What the task asks
The pictures in the listing below are to be skipped, while the lines between the line holding "Đèn LED Âm Trần Spotlight Xoay" and the line holding "Галактика, СТО по", inclusive, are to be output exactly.

Record excerpts
************

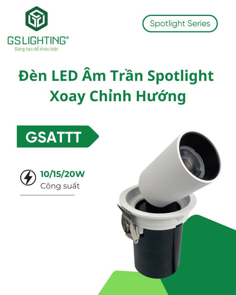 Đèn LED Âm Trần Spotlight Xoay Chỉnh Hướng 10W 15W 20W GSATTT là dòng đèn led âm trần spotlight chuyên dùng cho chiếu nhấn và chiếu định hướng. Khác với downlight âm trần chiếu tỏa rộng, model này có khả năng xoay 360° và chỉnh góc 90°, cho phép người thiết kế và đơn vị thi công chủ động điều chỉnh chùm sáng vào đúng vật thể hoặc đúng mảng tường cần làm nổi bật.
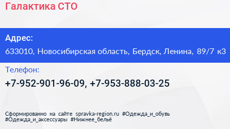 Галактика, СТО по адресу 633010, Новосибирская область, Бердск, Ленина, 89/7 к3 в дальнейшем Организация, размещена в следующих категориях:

************

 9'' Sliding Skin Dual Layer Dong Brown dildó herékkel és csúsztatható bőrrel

************

Task response
 Đèn LED Âm Trần Spotlight Xoay Chỉnh Hướng 10W 15W 20W GSATTT là dòng đèn led âm trần spotlight chuyên dùng cho chiếu nhấn và chiếu định hướng. Khác với downlight âm trần chiếu tỏa rộng, model này có khả năng xoay 360° và chỉnh góc 90°, cho phép người thiết kế và đơn vị thi công chủ động điều chỉnh chùm sáng vào đúng vật thể hoặc đúng mảng tường cần làm nổi bật.
 Галактика, СТО по адресу 633010, Новосибирская область, Бердск, Ленина, 89/7 к3 в дальнейшем Организация, размещена в следующих категориях:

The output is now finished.